Without Alcatraz as a context you are as a museum visitor instead confounded about the museum making itself into a mouthpiece for such a one-sided and strong message. At the same time it is hard to find the work artistically interesting. The elongated row of color-happy LEGO blocks laid down in the long, white room becomes sedative and you find yourself at the last portrait, number 176, strangely untouched about the fates connected to the faces. The main issue for Hirshhorn, is however that they uplift Ai Weiwei into a moral and ethical soothsayer and from this much of the power derived from his art is lost.
The museum program is “All About Ai Weiwei”; his own experiences as a politically persecuted person, his own sufferings as a prisoner, his own opinions concerning oppressive regimes. Very appropriately the first that meets the visitors is a giant photostat depicting Ai Weiwei staring at you with dramatically open eyes.
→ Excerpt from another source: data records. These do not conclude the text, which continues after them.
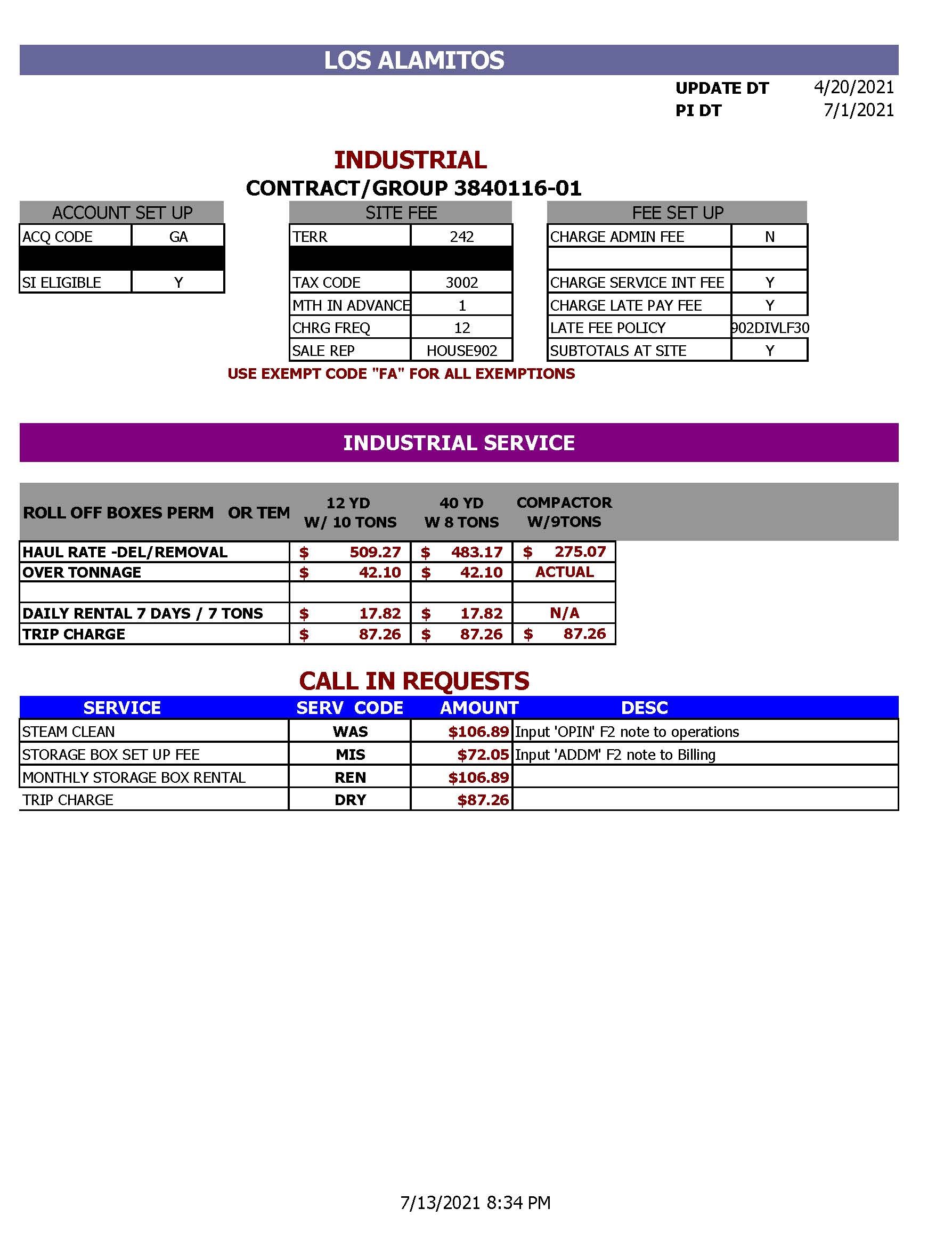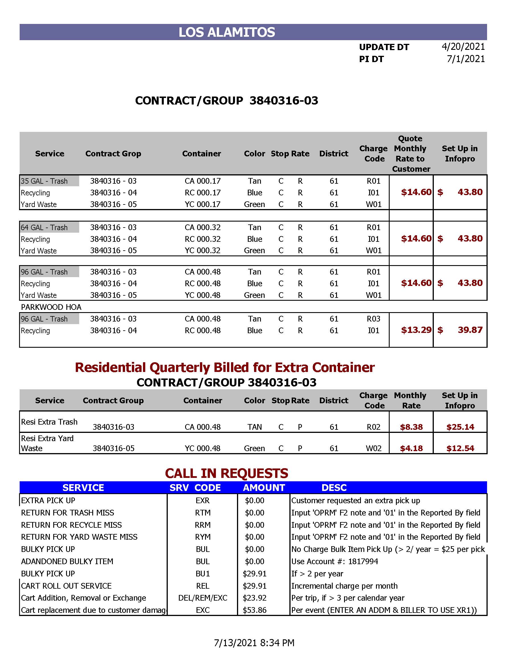 Industrial Trash Collection Rate Sheet, Effective July 1, 2021 (JPG)
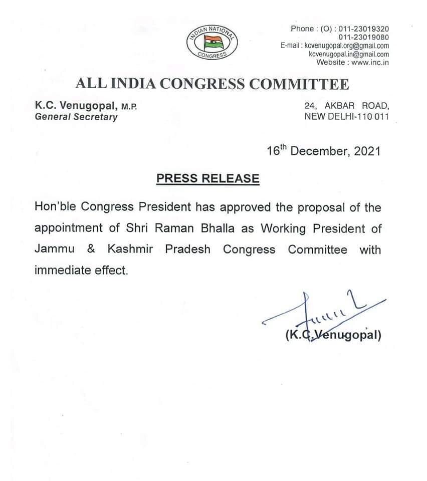 जम्मू-कश्मीर कांग्रेस में चल रहे सियासी घमासान के बीच कांग्रेस नेता और पूर्व मंत्री रमन भल्ला को प्रदेश कांग्रेस का कार्यकारी अध्यक्ष नियुक्त किया गया है. इसे जम्मू क्षेत्र में कांग्रेस पार्टी द्वारा एक बड़े हिंदू आउटरीच के रूप में देखा जा रहा है. वहीं गुलाम अहमद मीर जम्मू-कश्मीर कांग्रेस के अध्यक्ष बने रहेंगे. हालांकि पिछले काफी वक़्त से गुलाम अहमद मीर को लेकर भी बगावती सुर छेड़े जा रहे हैं.
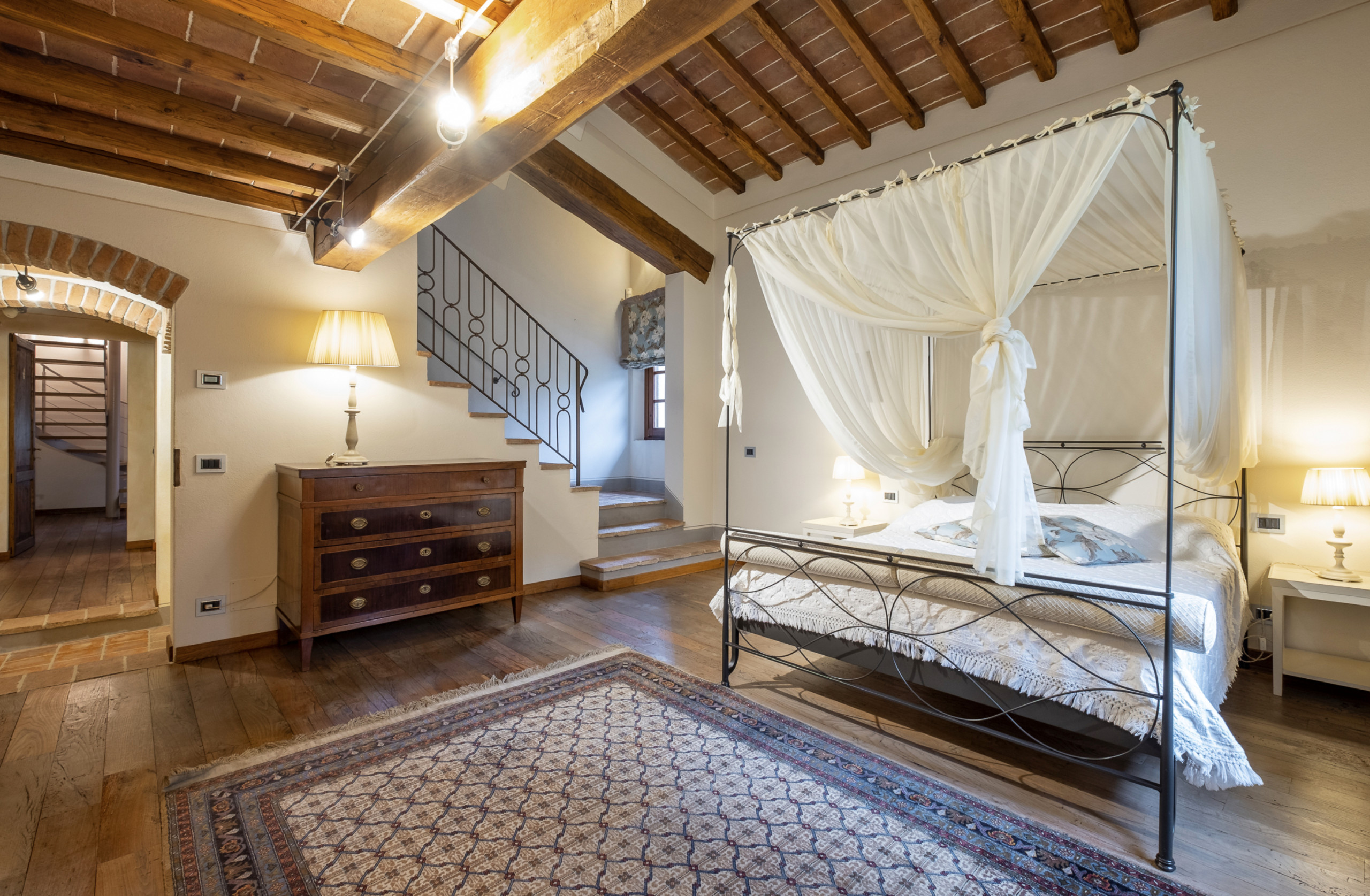Villa Rossa possesses that rustic warmth typical of Tuscan country villas. The Tuscan style captures you and you will fall in love with the wooden or brick floors, wrought iron beds, large and comfortable divans covered in earthen colors, vaulted ceilings and arch ways. The style has its roots in the semplicity of country living, with all the trades and customs attached to it warmth, welcome and family. All the bedrooms have ensuite bathrooms and AC.
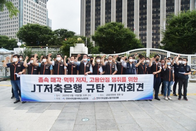 이미지 확대보기전국사무금융서비스노동조합 JT저축은행지회는 10일 서울 광화문 정부서울청사 앞에서 ‘JT저축은행 매각 관련 규탄’ 기자회견을 열고 “사측이 고용안정을 요구하는 노조와 협의를 일방적으로 거부하고 있다”고 비판했다.
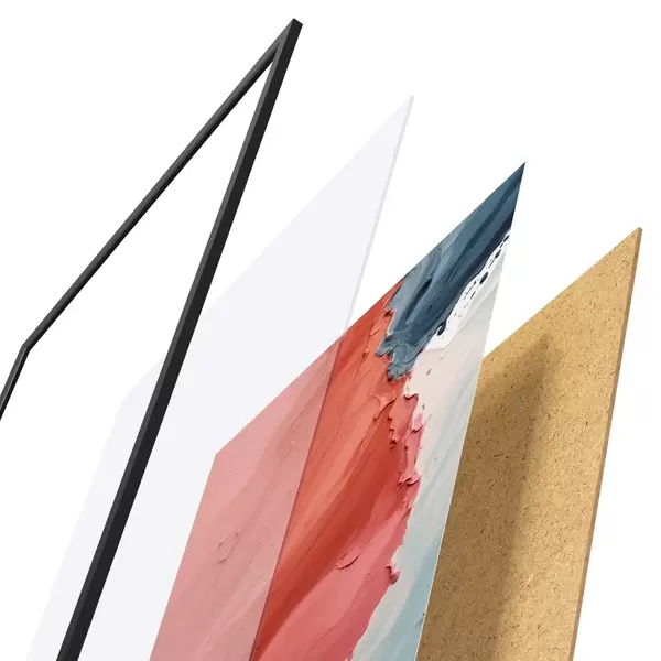 Das Poster besteht aus einem Rahmen, Plexiglas, einem gedruckten Bild und einer Rückwand aus Spanplatten. Dank der Halterungen auf der Rückseite kann das Poster sofort an die Wand gehängt werden.
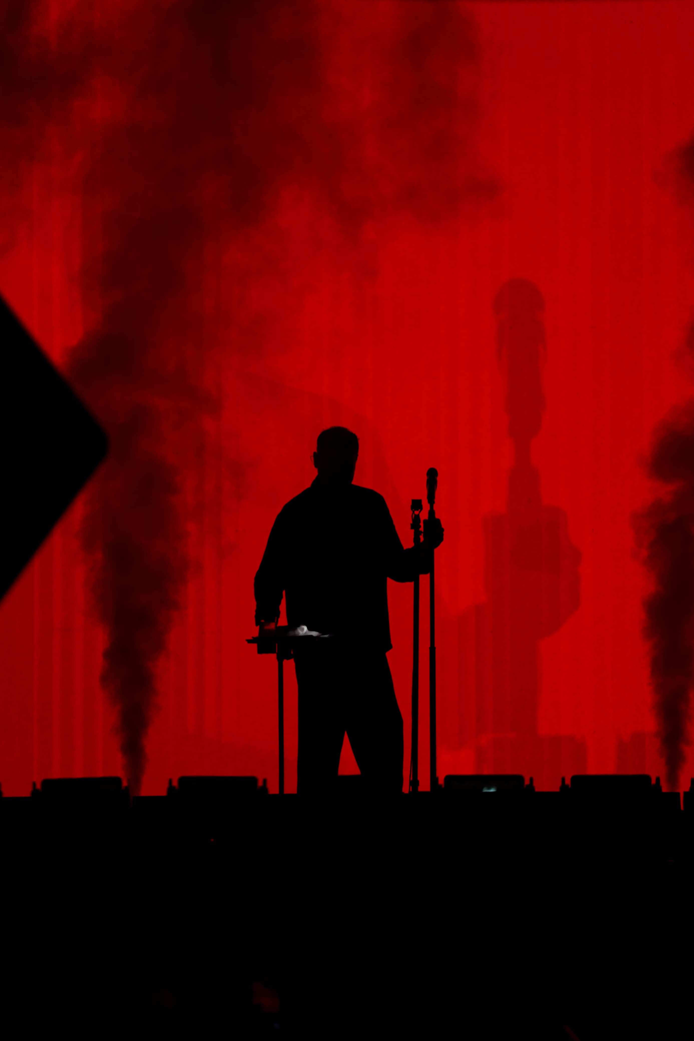 En un ambiente eléctrico, el trío subió al escenario saludando a la multitud que gritaba de emoción.
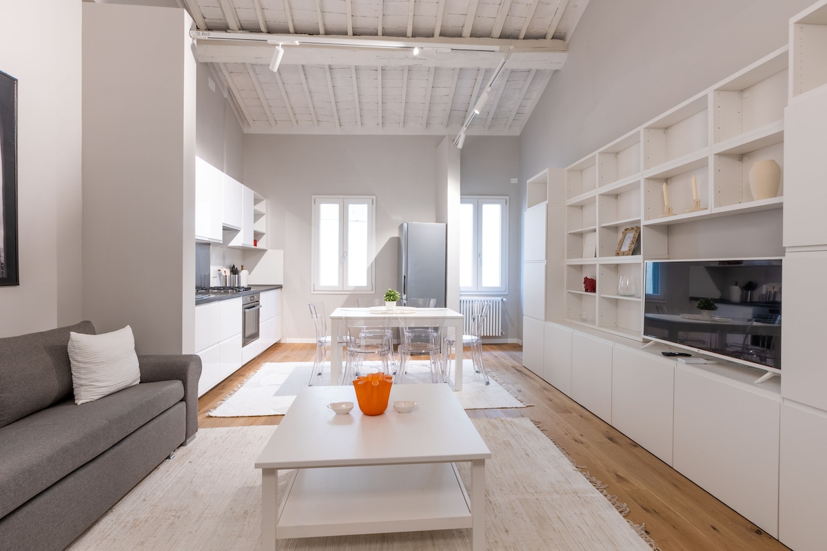 Ekskluzivan i prefinjen apartman na drugom spratu istorijske zgrade iz 16. veka, u srcu Firence. Sa izloženim gredama, parketom i ručno izrađenim firentinskim nameštajem, kombinuje istorijski šarm sa modernim dizajnom, stvarajući toplu i gostoljubivu atmosferu. Idealno za parove, prijatelje ili porodice, nudi centralnu lokaciju na pešačkoj udaljenosti od svih glavnih atrakcija, od muzeja do istorijskih trgova.
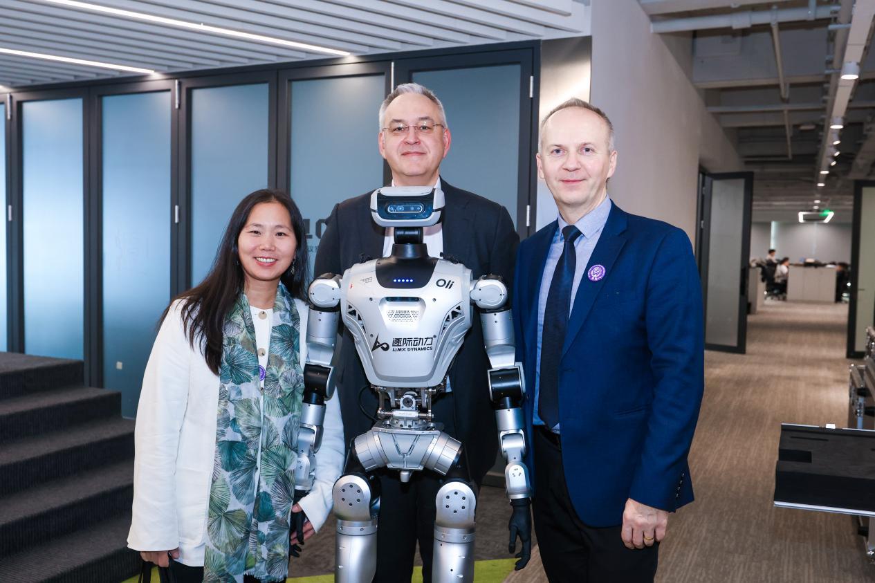 公司相关负责人为外宾展示了公司在机器人领域的最新成果。双足与四足机器人流畅上下楼梯、高扭矩关节精准对抗的演示,让外宾们直观感受到南山作为机器人产业高地的“硬核”实力。“他会跳舞!”“他的应用场景是什么?”“这让我看到了未来的生活。”访客们纷纷举起手机、轮流与机器人合影,记录下这些充满科技感的瞬间。
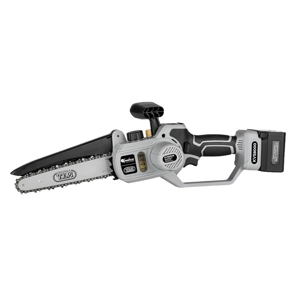 Per l'uso con una sola mano. Impugnatura ergonomica soft grip con protezione, doppio interruttore di sicurezza. Serbatoio olio integrato esterno, lubrificazione automatica catena, regolazione tensione catena manuale, lubrificazione ingranaggi manuale. Motore brushless, display carica residua, ore parziali/totali lavoro, temperatura scheda elettronica, impostazioni lubrificazione. Batteria litio 21,6V - 4 Ah ricaricabile, innesto rapido. Catena 1/4' sp.1,1mm, 48 maglie. Con 2 batterie, caricabatteria, kit manutenzione, copri barra, valigetta. Peso macchina 1,6 kg.
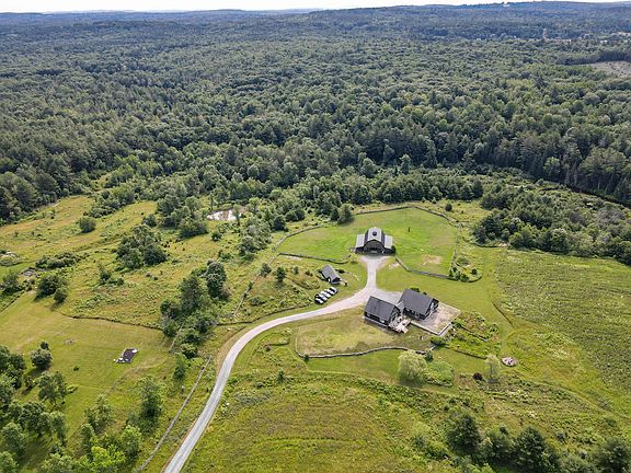PROPERTIES LIKE THIS IN AUGUSTA DO NOT COME ON THE MARKET OFTEN! Here is your chance to have a truly unique property in town with 97 acres with Riggs Brook running through it! Located just off of Riverside Drive, Riggs Brook Lane - a private dirt road - leads you through lush fields and pastures back to a sprawling compound that will make you feel like you're in the Mid-West. The residence is a live-edge-sided cape on a full foundation with 2 bedrooms, 1.5 baths, a loft, and plenty of living space. Connected to the residence via breezeway is a massive bonus area that could easily be converted to extra living space, a workshop, showroom, or an in-home business. The commercial area sits on a radiant heated slab, has a half bathroom, and multiple oversized rooms with sliding glass doors leading outside. The barn is currently setup with 4 stalls plus a birthing stall- all with turnouts. In addition to the stalls, the first level has a spacious tack room. Half of the upstairs is a hayloft with large doors to fit a hay lift. The other half is a studio apartment with a full bath. In addition to the barn, there is a tractor lean to with power hookup and a small storage shed. This property truly is unique.
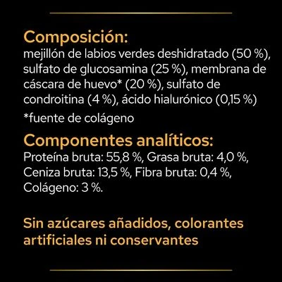- Con glucosamina y condroitina: componentes naturales del tejido cartilaginoso
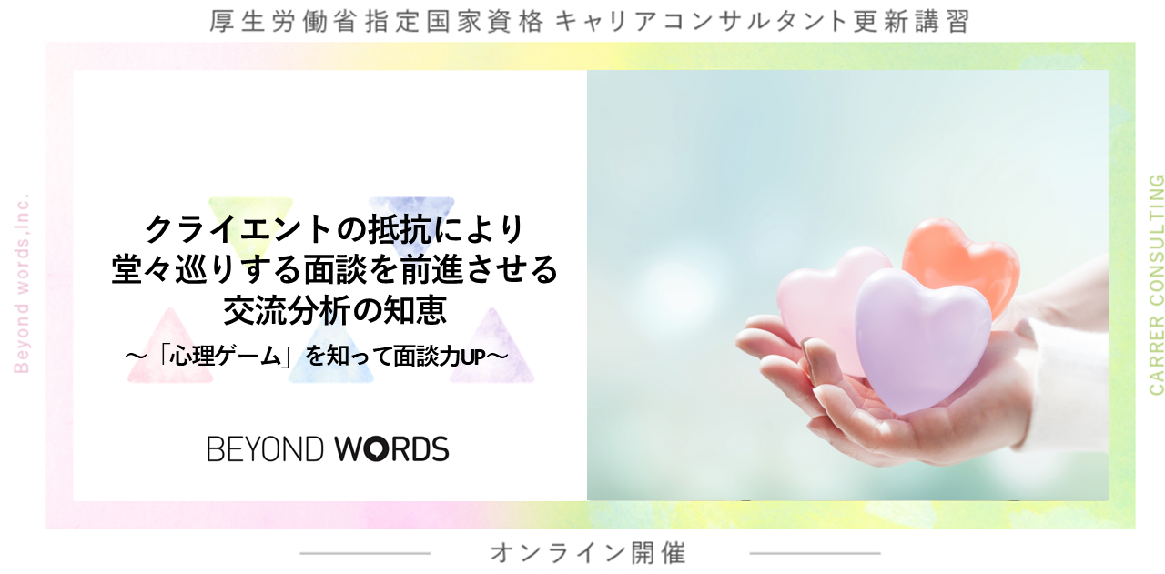 【12/20オンライン開催】キャリアコンサルタント更新講習 クライエントの抵抗により堂々巡りする面談を前進させる交流分析の知恵~「心理ゲーム」を知って面談力UP~
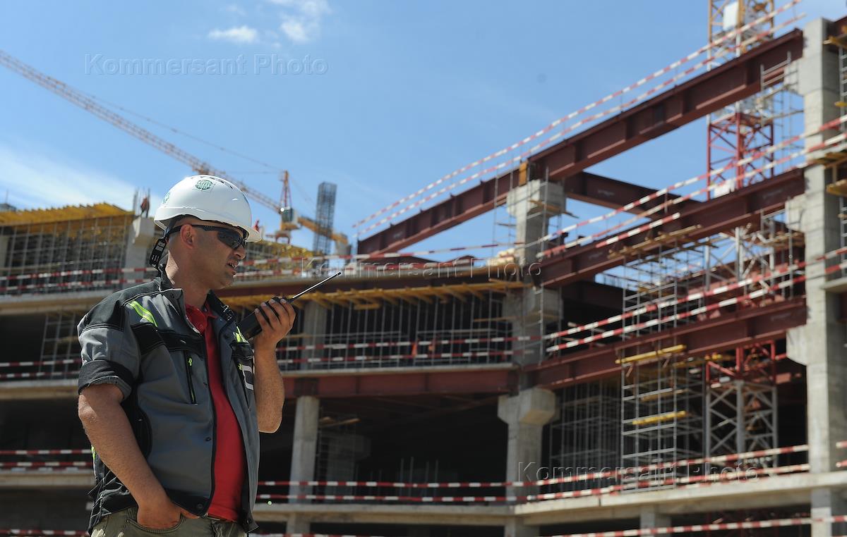 Рабочие на строительстве нового терминала аэропорта Домодедово, которое будет закончено к началу чемпионату мира по футболу 2018 г. "Красная зона" строительной площадки.
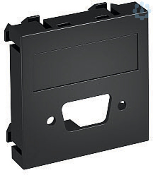Multimediaträger für einen VGA / D-Sub9 Steckverbinder, Kabelauslass gerade, mit Beschriftungsfeld, ohne Steckverbinder. Trägerplatte mit Rastbefestigung, geeignet für den waagerechten und senkrechten Einbau in die Systemumgebung.
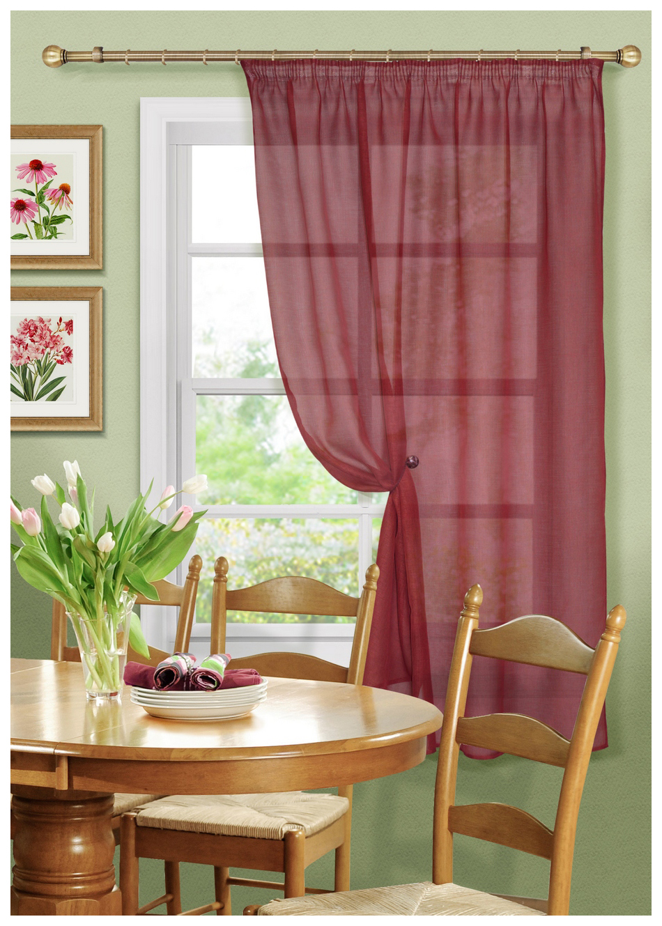 Допускается использование ламбрекенов и других элементов. Подобные шторы лучше всего будут смотреться на просторной кухне. Для небольшого помещения они не подходят.
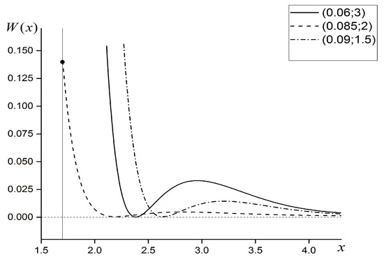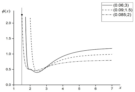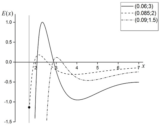 Typical profiles of the energy density scalar of the axion field (34). The basic profile has the typical fold-like structure: the minimum, the barrier on the left of the minimum, the maximum on its right-hand side. In the far zone the axion energy density tends to a constant, and the graphs have the horizontal asymptotes. The vertical line relates to the object boundary and defines the corresponding boundary value .

Too much.
In the exhibition catalogue @Large, Cheryl Haines, the founder of FOR-SITE and initiator of the Alcatraz exhibition, writes that the purpose of the exhibition was to raise questions such as: “What constitutes freedom? What role does communication play in the creation of an equal society? How do we ensure that everybody is heard? What responsibility do we have as individuals to ensure freedom for all globally?”
Questions, which all require fresh thinking if we are to be able to discuss them with anything other than a declaration of intent. @Large create the frames for the dialogue with a path back to the prison and legal history along with a look at our contemporary systematic oppression of free thought. It’s well thought out.
Facts: Ai Weiwei (b. 1957). Chinese artist and activist. Ai Weiwei lived in New York from 1981-1993. Today he lives in Beijing. Ai Weiwei has openly criticized the Chinese government and has as a result spent time both in prison and in house arrest.
The @Large exhibition on Alcatraz Island in 2014 was the first time Ai Weiwei used a large amount (1.2M) LEGO bricks in an installation. When he in 2015 wanted to use LEGO again in an installation in Melbourne, Australia, he was denied the purchase of these bricks by LEGO. LEGO pointed to their policy of not wanting to support political messaging. In the wake of this a “LEGO-Gate” case evolved with international awareness, which ended with LEGO in the end recognized that it was a mistake to not sell the bricks to Ai Weiwei. As a result, LEGO afterwards changed their policy to refraining from asking about intent of use in the purchase of large amount of bricks. Instead they are sold under the condition that LEGO in no way supports the project.